* Exercise objective
Every line of the listing belongs in your answer exactly as written; the images do not.

* Data extract
=== Begin Enclosure ===
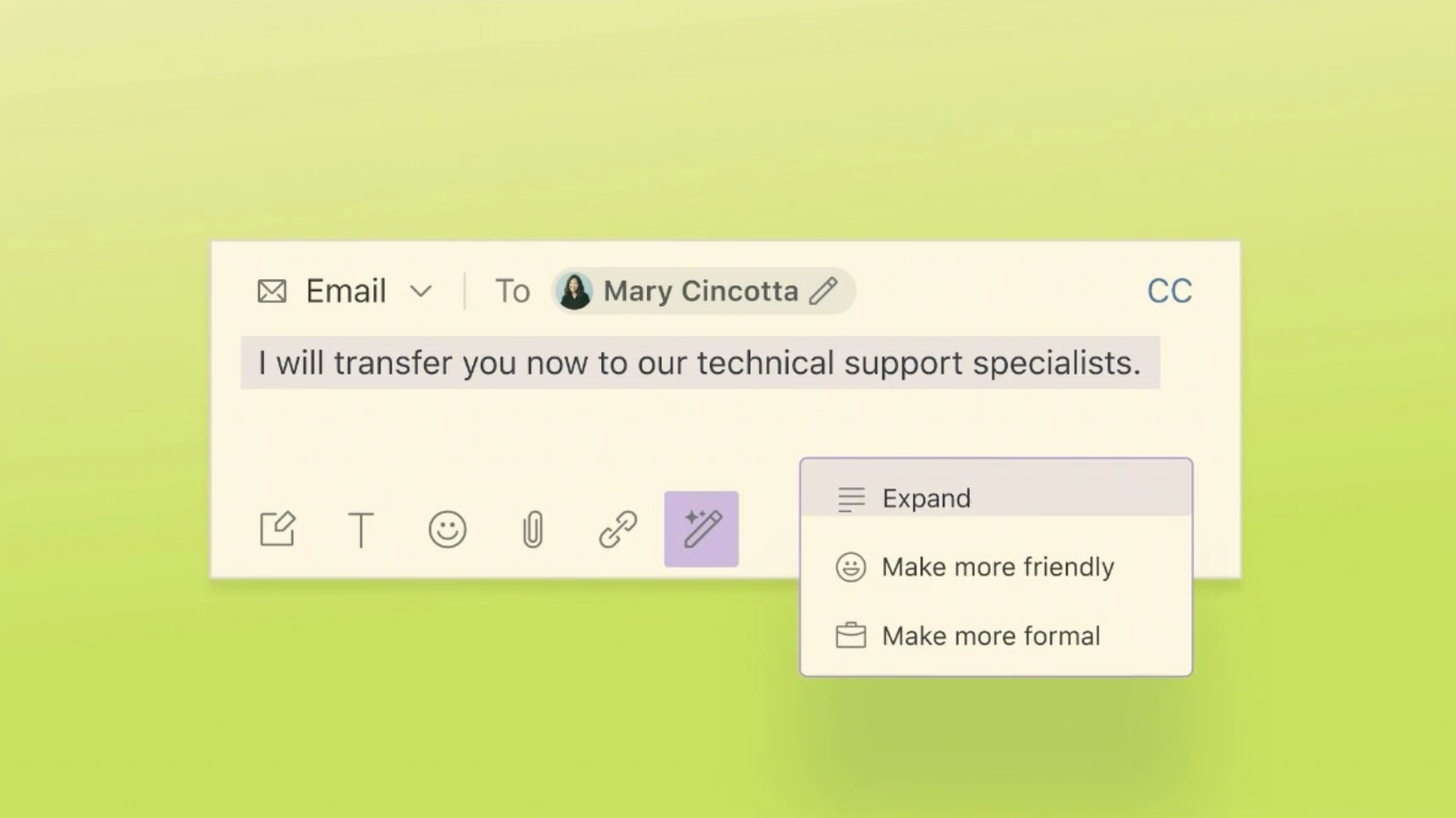 The Generative AI features allows agents to Expand or Tone Shift their comments before sending it to the customer. Or in other words, it takes an existing comment and rewrites it with additional context from the conversation, or changes the tone to be more serious or friendly with the click of a button.
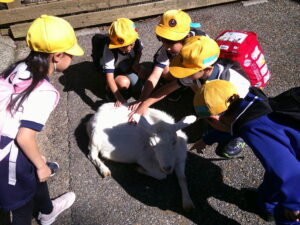 また、アヒルやモルモットに触れている時間では、動物に優しく接する子供たちの姿を見ることができました。
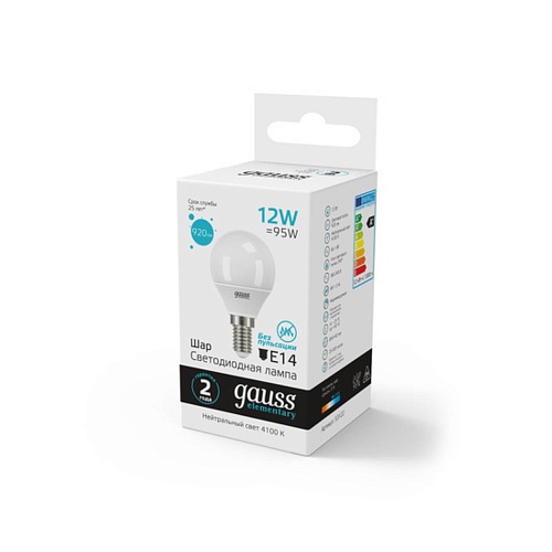 Характеристики Светодиодная лампа Gauss Шар 12W 920Lm 4100K E14 53122
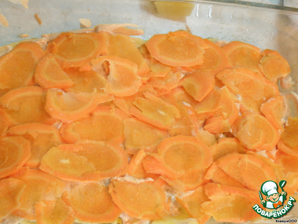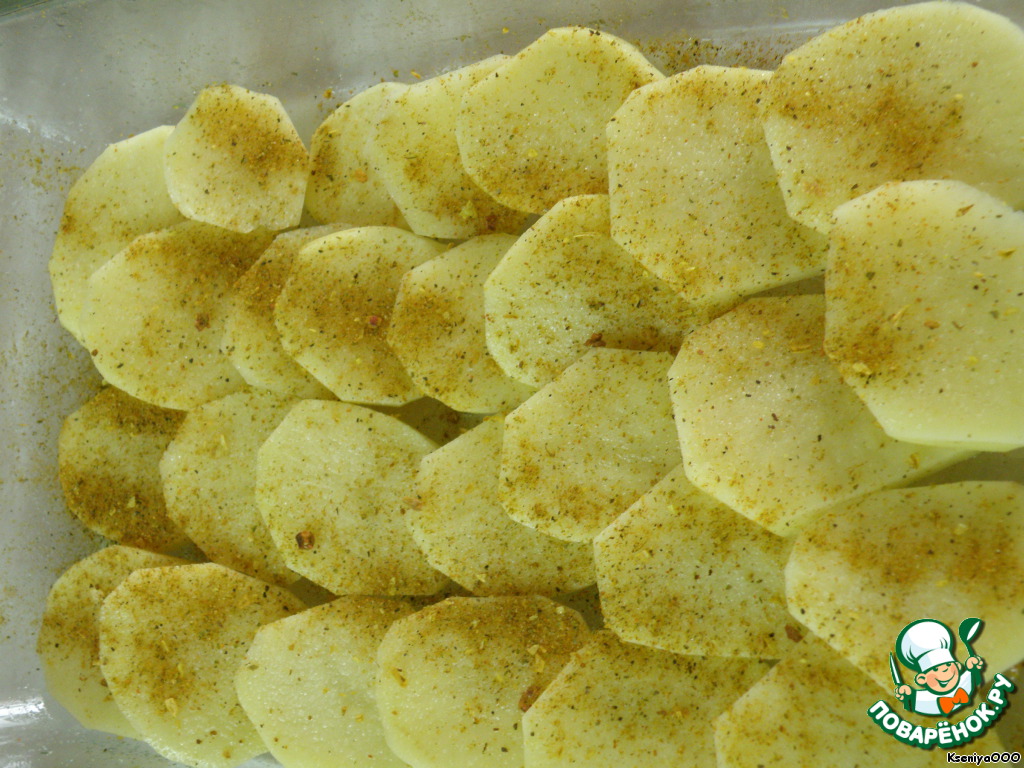 Первой кладем картошку, солим, посыпаем приправой по желанию, у меня была "Для блюд из картофеля", поливаем соусом.
=== End Enclosure ===
* Response to the exercise
 The Generative AI features allows agents to Expand or Tone Shift their comments before sending it to the customer. Or in other words, it takes an existing comment and rewrites it with additional context from the conversation, or changes the tone to be more serious or friendly with the click of a button.
 また、アヒルやモルモットに触れている時間では、動物に優しく接する子供たちの姿を見ることができました。
 Характеристики Светодиодная лампа Gauss Шар 12W 920Lm 4100K E14 53122
 Первой кладем картошку, солим, посыпаем приправой по желанию, у меня была "Для блюд из картофеля", поливаем соусом.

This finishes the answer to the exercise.